Dr. Sinsheimer is not a man given to hyperbole. He is a professor at the California Institute of Technology, a scientist who commands world-wide respect for his work on the atomic structure of living cell components. The bulletin in which he wrote these words is a sober, rather ponderous journal of scholarship.

"Yes, certainly this kind of thing is hard to believe," says Professor Charles Price of the University of Pennsylvania. "All through history men have felt that 'life' was something only nature or God could tinker with. It was mysterious, undiscoverable. But now we're finding that it isn't: It's only chemistry. Extremely complex chemistry." Dr. Price, who was president of the American Chemical Society in 1965, raised smoke that year when he urged that the study of genetic processes—and specifically the attempt to create artificial life in the laboratory—be made a national crash program with the same priorities as NASA's man-on-the-moon project. "If we can take dead materials and make a living thing out of them," he says, "we'll have shown dramatically, once and for all, that life is not a mystical phenomenon beyond the reach of science. Can we do it? It may already have been done, depending on your definition of 'life.' It will soon be done unequivocally. I tell my students that I count on a fifty-fifty chance of seeing it in my lifetime [Dr. Price is 54] and that I'm sure they'll see it in their lifetime."

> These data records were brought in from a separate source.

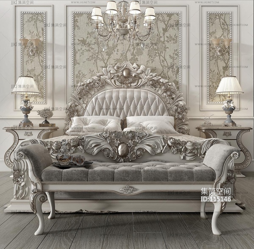 法式古典雕花双人床床尾凳 3d模型下载 [模型ID:115146]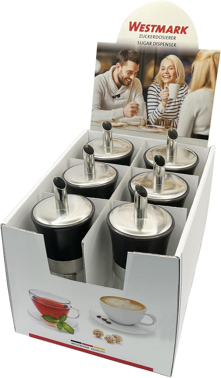 - Lieferumfang: 1x Westmark Zuckerdosierer-Display, Inhalt: 6 Stück, Blacky, 5 Jahre Garantie, Masse: je 68 x 68 x 17,5 mm, Material: Glas/Rostfreier Edelstahl/Kunststoff (PP), Farbe: Transparent/Schwarz/Silber, 63592611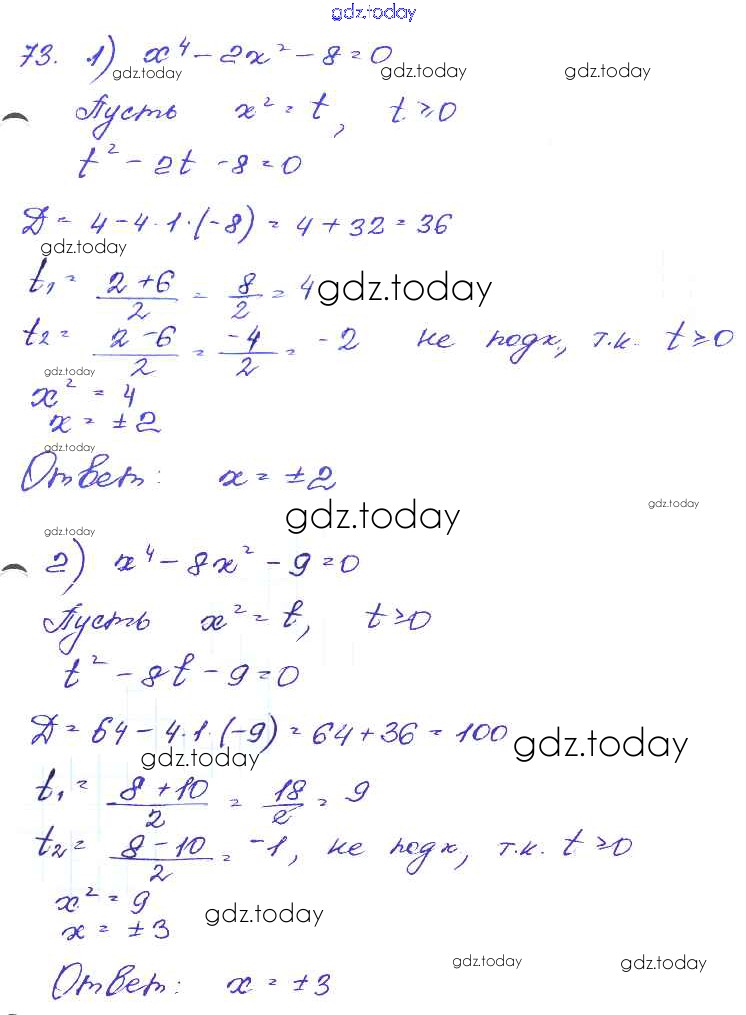 На страницах сайта gdz.today вы найдете учебный и вспомогательный материал, направленный на улучшения знаний школьной программы. ГДЗ - онлайн мир знаний Решение к части 2. Задания 73 Сборнику заданий по Алгебре для 9 класса Кузнецова, Бунимович Дрофа 2008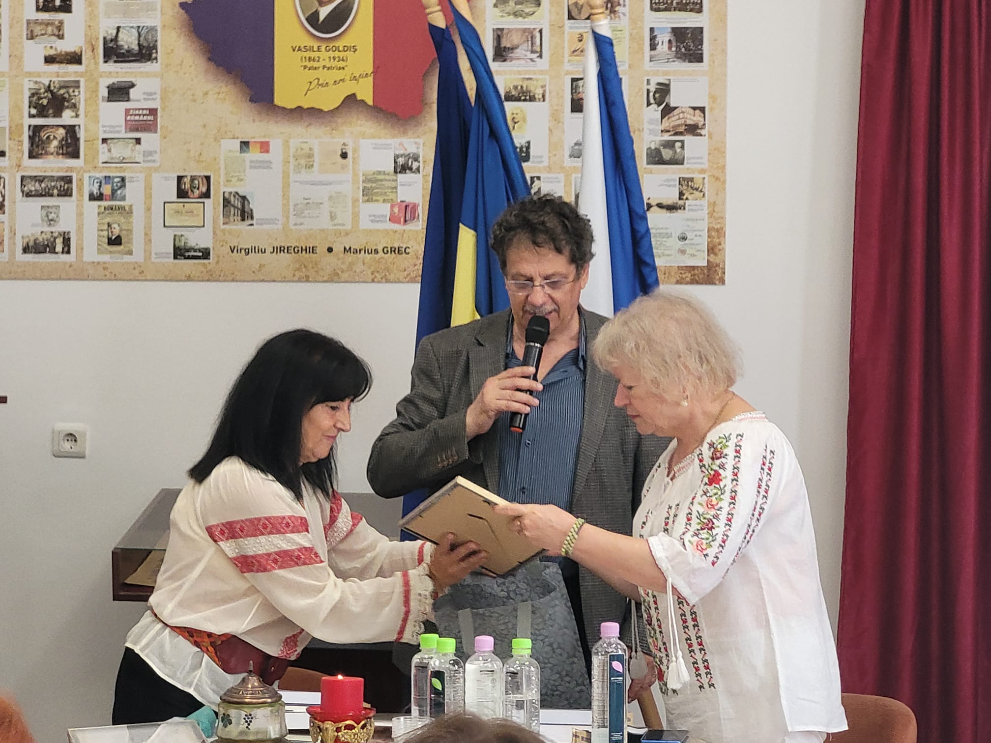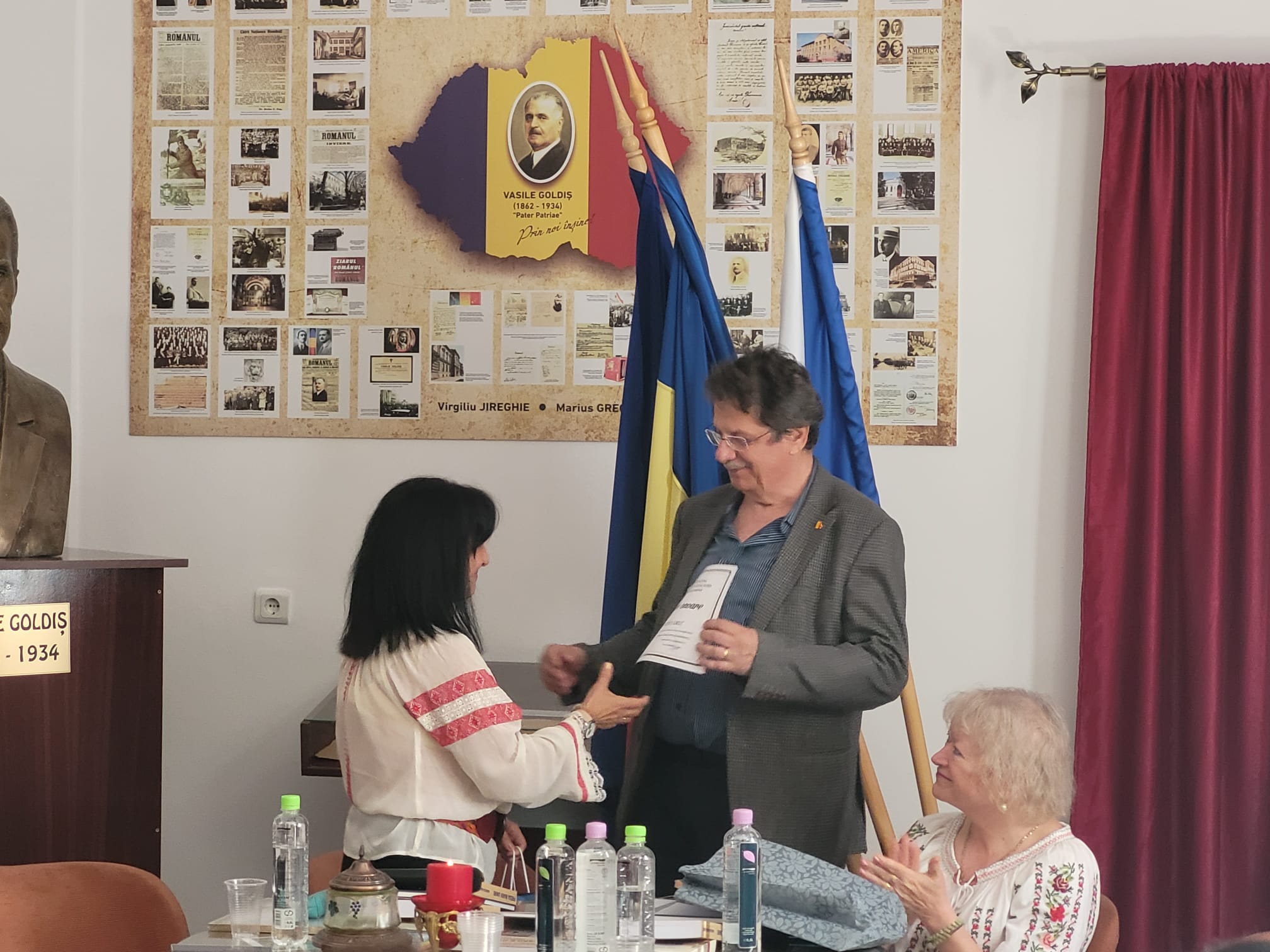 De asemenea, prof. Marius Grec, directorul Muzeului „Vasile Goldiș”, moderatorul evenimentului, le-a oferit oaspeților prezentări legate de însemnătatea sălii Unirii în care s-a oficializat încheierea parteneriatului și despre istoria Aradului prin prisma aportului adus de Vasile Goldiș. Domnia sa a primit din partea BPW Arad o diplomă de onoare, ca semn al recunoștinței pentru sprijinul oferit clubului femeilor de-a lungul timpului.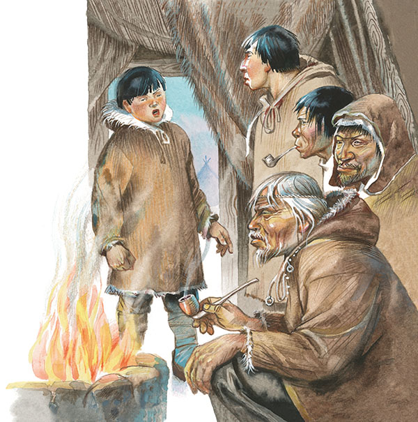 К концу этого дня женщины притащили тушу медведя, в то время как мужчины собирали совет. Когда Киш вернулся, за ним послали гонца, приглашая его прийти тоже, но он велел сказать, что голоден и устал и что его иглу достаточно велика и удобна и может вместить много людей.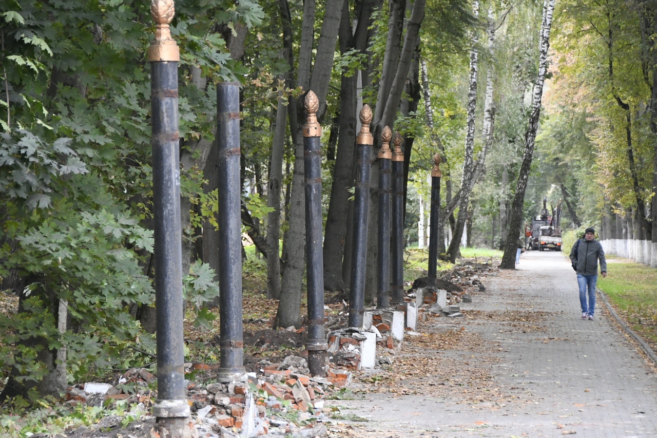 В Центральном парке Тулы ведутся ремонтные работы. На этот раз в парке обновляют ограждение со стороны ул. Первомайской.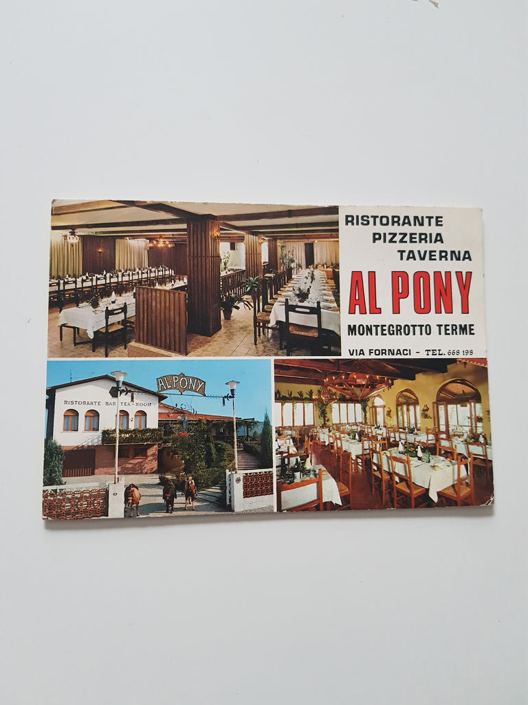 AK Montegrotto Terme. Ristorante Pizzeria Taverna Al Pony. Via Fornaci. Ungelaufen. Großformat. Nummeriert: 367. Zustand: stärker bestoßen.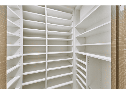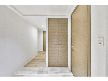 ゆとりがあって荷物を持っていても出入りがしやすそうな玄関です。入って右側には約1.3帖のシューズインクローゼットがあり、たくさんの靴を収納できるようになっています。さらに、玄関収納も造られており、収納スペースがしっかりと確保されています。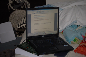 Klockan halv tolv jobbar jag fortfarande med logistikuppgift nummer två. Äter chips gör jag också. Chokladkakan syns inte på bilden (är den uppäten?).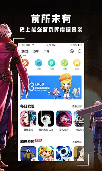 3、在发现界面中,有许多新游、分类游戏,以及游戏专题;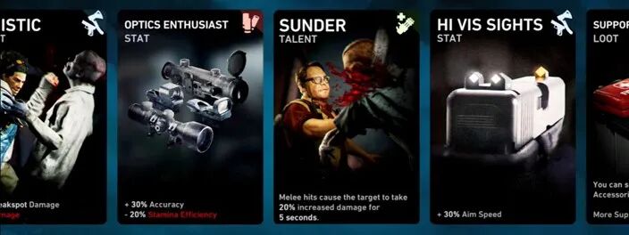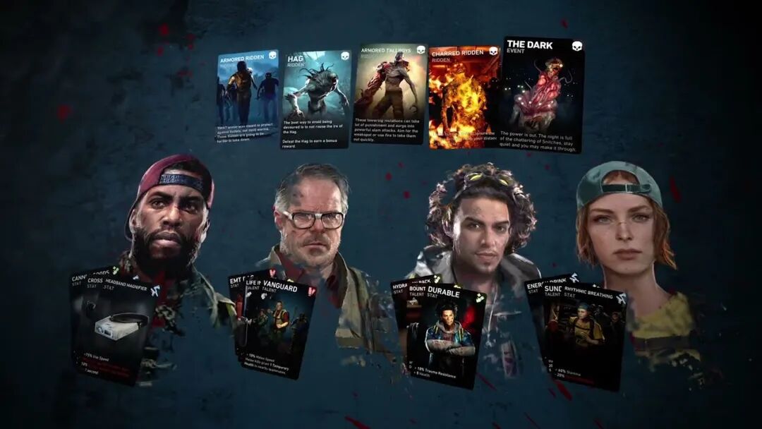 玩家可以从属性各不相同的增益卡牌中自选15张作为一套卡组开始游戏,配合不同角色的角色特性有针对性地携带不同卡组可以玩出花样的build,比如其中有一个“老妈”角色,自带1个额外的回血道具的堆叠数,可以瞬间拉起倒地的队友还能提供给整个小队额外的血量,非常适合携带一套治疗增益的卡组,作为一个奶妈来玩;又比如“伊凡杰洛”,他自带加速耐力回复的被动,因为近战攻击消耗耐力,所以就可以多带一些近战相关的卡牌,让他用近战武器大杀四方。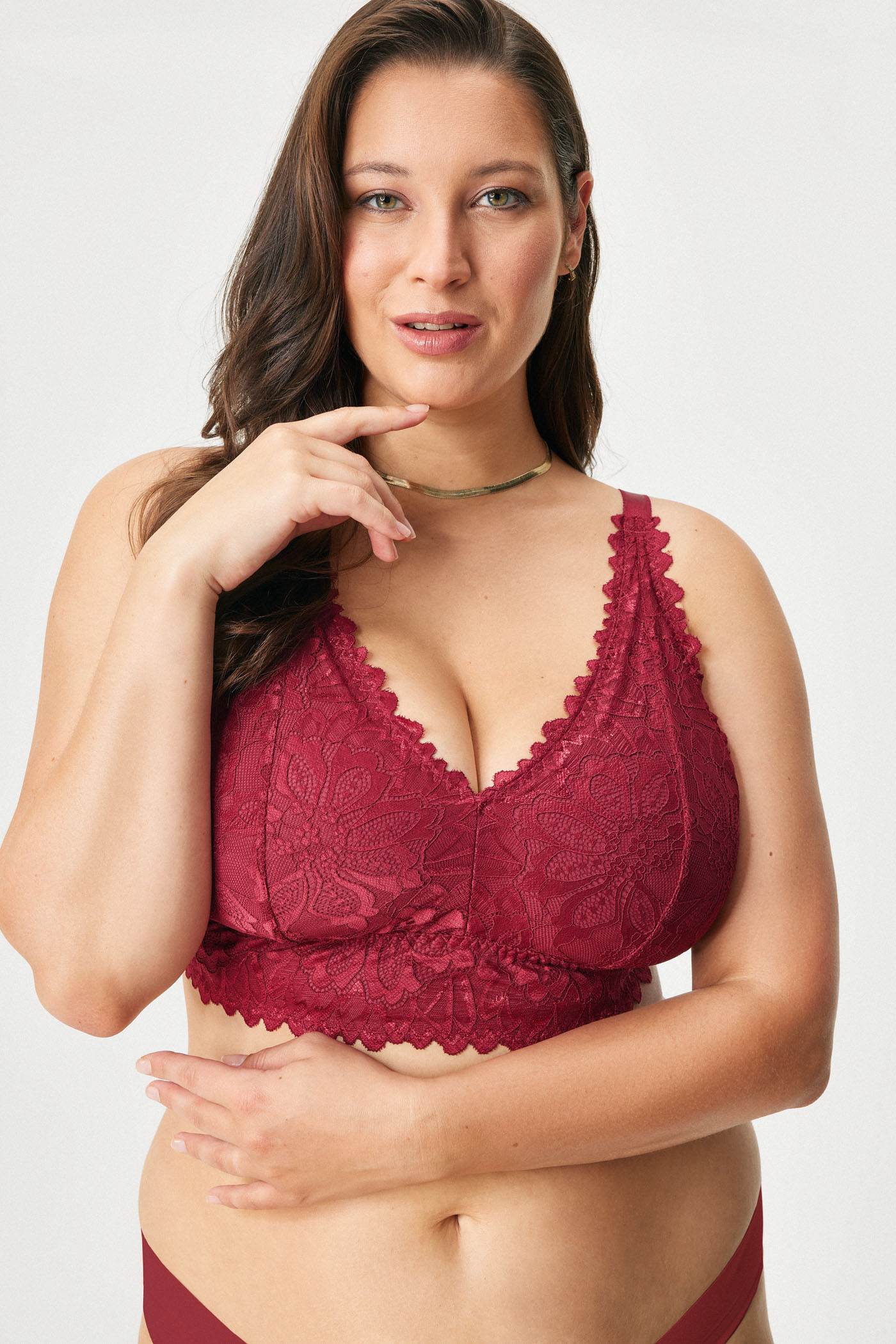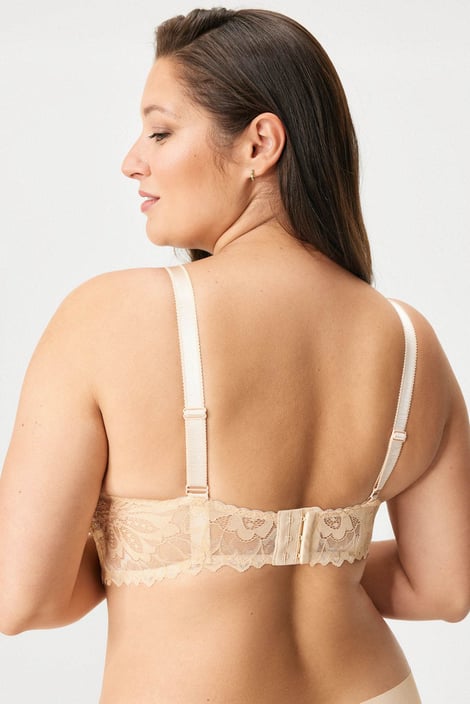 Protetická podprsenka July je v přední části ušita z krajky, kterou doplňuje bavlněná podšívka. Trojúhelníkové košíčky jsou nevyztužené, jsou však opatřeny kapsou pro vložení protetické náhrady. Bezkosticové provedení zaručuje maximální pohodlí. Z dílny Astratexu.

He pauses. "I got in trouble for saying this last year," he adds after a while, "but I'm prepared to go on saying it. The political, social, biological and economic consequences of such a breakthrough would dwarf those of either atomic energy or the space program."

The stuff behind all these grand, eloquent and destiny-shaking prophecies is a group of chemicals called nucleic acids, better known by their abbreviations: DNA (deoxyribonucleic acid—the master chemical) and RNA (ribonucleic acid—the subsidiary or message-carrying chemical). These chemicals exist in living cells and they have captured the imaginations of biological scientists. The enormously long, coiled, springlike molecules of DNA seem to be the main pattern holders of heredity. Each such molecule is apparently built of thousands of subunits, lined up in precise order like numbers on a tape. The numbers seem to form a code of "words"; and the words, translated into action by complex chemical processes that aren't yet fully understood, tell each living cell what to be, how to grow, what substances to produce with what raw materials handled in what ways.

You began life as a single cell containing DNA contributed in equal proportions by your mother and your father. This tiny bit of nucleic acid (about six trillionths of a gram) told the cell that it was to multiply in such a way as to produce a human being. The DNA in an acorn tells it how to become an oak tree. Not only are nucleic acids apparently the repositories of genetic blueprints, they are also the basic organizers and controllers of all life processes, from the relatively simple metabolism of an amoeba to (most scientists presume) the last and most complex process yet to evolve: human intelligence. Nucleic-acid molecules give you and the amoeba and the oak tree that elusive quality called "life." They are the tiny but tangible foundations of the state of being alive.

In their tangibility lies their fascination. "The state of aliveness was once intangible," says biochemist Dr. Paul Saltman of the University of California at San Diego, "and an intangible thing or condition doesn't lend itself to scientific study. Now molecular biology has made the basic life process tangible. We can study it. If we can study it, we're arrogant or foolish enough to believe we can understand it eventually. And if we can understand it, we can tinker with it, control it, maybe produce it artificially. And if we can do these things—well, you see what the excitement is about."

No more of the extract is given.